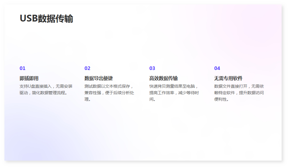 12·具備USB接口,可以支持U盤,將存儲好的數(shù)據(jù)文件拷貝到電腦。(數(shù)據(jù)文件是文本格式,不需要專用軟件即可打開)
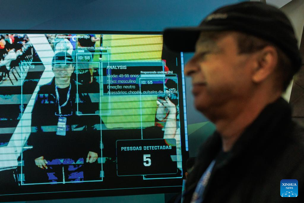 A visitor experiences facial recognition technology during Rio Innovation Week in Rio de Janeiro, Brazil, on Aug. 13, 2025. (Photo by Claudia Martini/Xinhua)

==

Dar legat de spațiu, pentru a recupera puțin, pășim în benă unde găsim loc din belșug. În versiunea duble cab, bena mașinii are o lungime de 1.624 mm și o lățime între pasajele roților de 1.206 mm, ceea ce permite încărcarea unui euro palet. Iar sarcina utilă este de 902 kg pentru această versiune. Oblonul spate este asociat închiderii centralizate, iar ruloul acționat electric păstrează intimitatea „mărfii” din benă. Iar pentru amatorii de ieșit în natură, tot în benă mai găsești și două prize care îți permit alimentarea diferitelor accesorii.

### Description of the task
Only the lines between the one with "12·具備USB接口,可以支" and the one with "A visitor experiences", those two included, get copied from the material above. Keep it exact and free of pictures.

### Exercise solution
 12·具備USB接口,可以支持U盤,將存儲好的數(shù)據(jù)文件拷貝到電腦。(數(shù)據(jù)文件是文本格式,不需要專用軟件即可打開)
 A visitor experiences facial recognition technology during Rio Innovation Week in Rio de Janeiro, Brazil, on Aug. 13, 2025. (Photo by Claudia Martini/Xinhua)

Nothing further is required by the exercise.